MATHEMATICAL PROGRAMMING (CS 856/450)

Assignment 1 :

1.

Devise a linear program formulation for the ATM Cash Problem discussed in the class.

2.

Show that the General, Canonical and Standard Formulations of Linear Programs are equivalent.

3.

Show the equivalence of the Canonical Form to a polyhedron formed by the intersection of m halfspaces.

4.

Prove that degenerate basic feasible solutions which are same in non-zero components correspond to the same vertex.

5.

Show: If no adjacent BFS of a BFS B has cost less than that of B then B is optimal.

6.

Supoose b₁ and b₂ are two BFS's which are not adjacent to each other and C1 and C2 are the columns corresponding to the BFS's b₁ and b₂ then there exists another basis in $C1 \cup C2$.

7.

Prove that if e is an edge of a polyhedron and $z \in e$, i.e $z= \alpha *z_1 + (1- \alpha ) * z_2$,then z₁,z₂ belong to e.

8.

Resolve the assumption b>=0 in the derivation of Simplex Method.

9.

Prove that Bland's Rule which is

Use lowest numbered column for basis change and use lowest numbered row for determining $\theta$.
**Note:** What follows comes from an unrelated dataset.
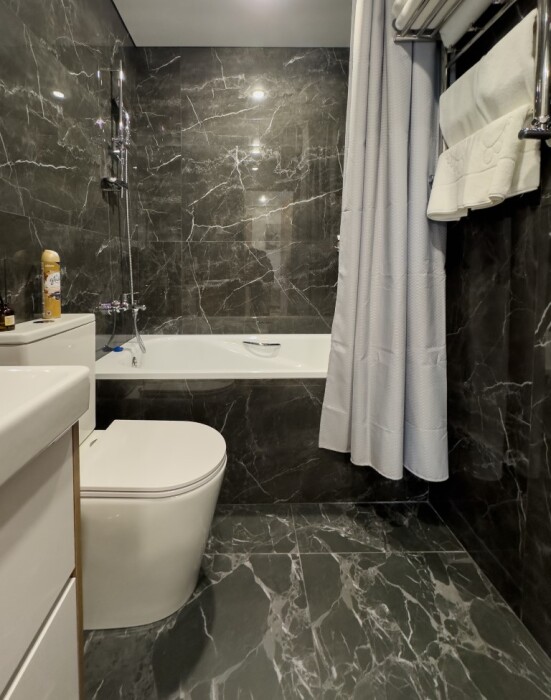 Санузел оснащен ванной, представлен набор туалетных принадлежностей и полотенец
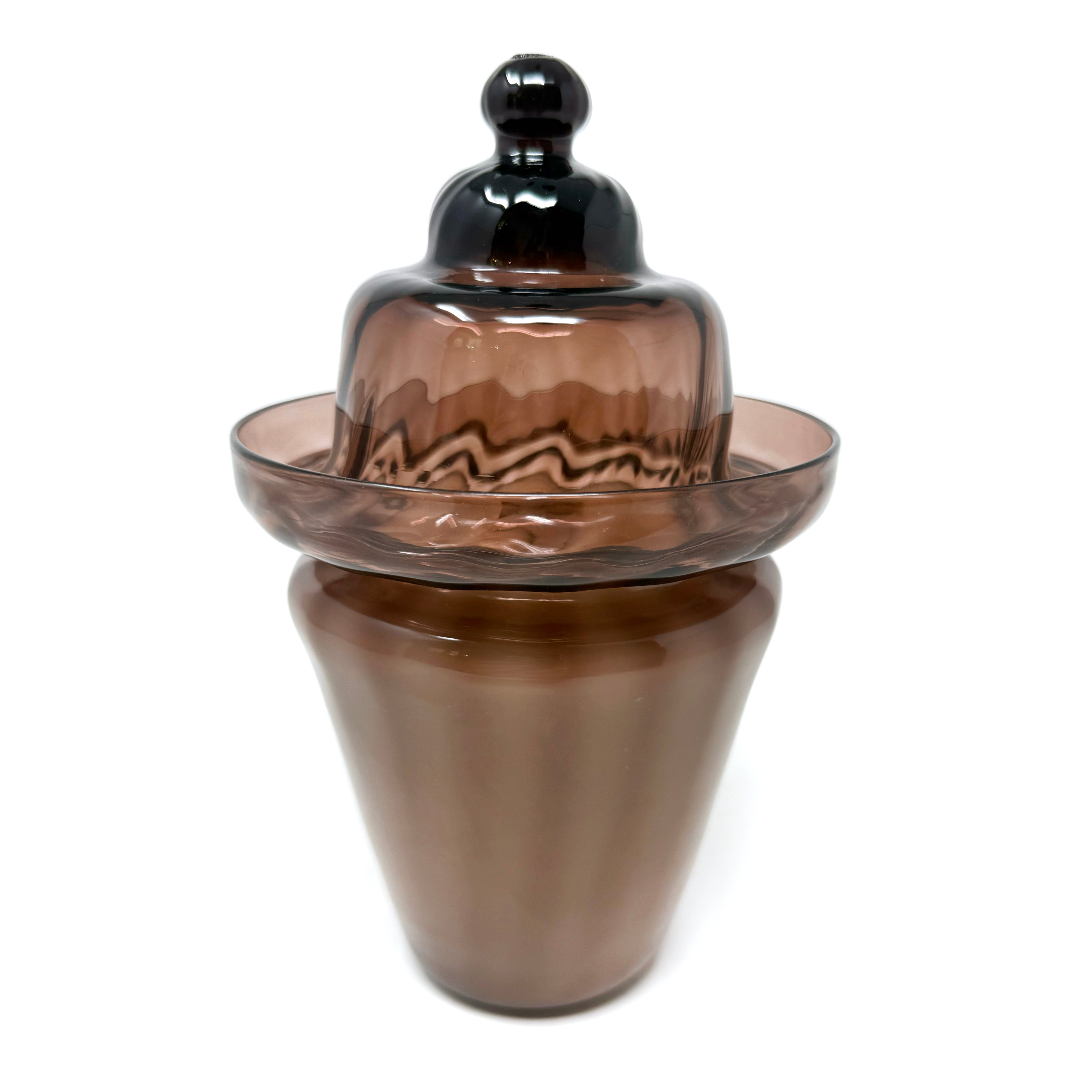 A touch of deep purple Empoli magic that make fall nights glow with old-world charm! Mitzi dates to the 1960s and measures 5" diameter x 8" tall (lidded). A timeless and highly collectible piece of glass!

prevents cyclicity in the Simplex Method.

10.

Design Linear Programs which demonstrate the relationship possible between primal & dual from the set of properties of bounded feasiblity, unbounded feasibility and infeasibility.

11.

Analyze the worst case behaviour of the Simplex. This should include the time for pivoting also.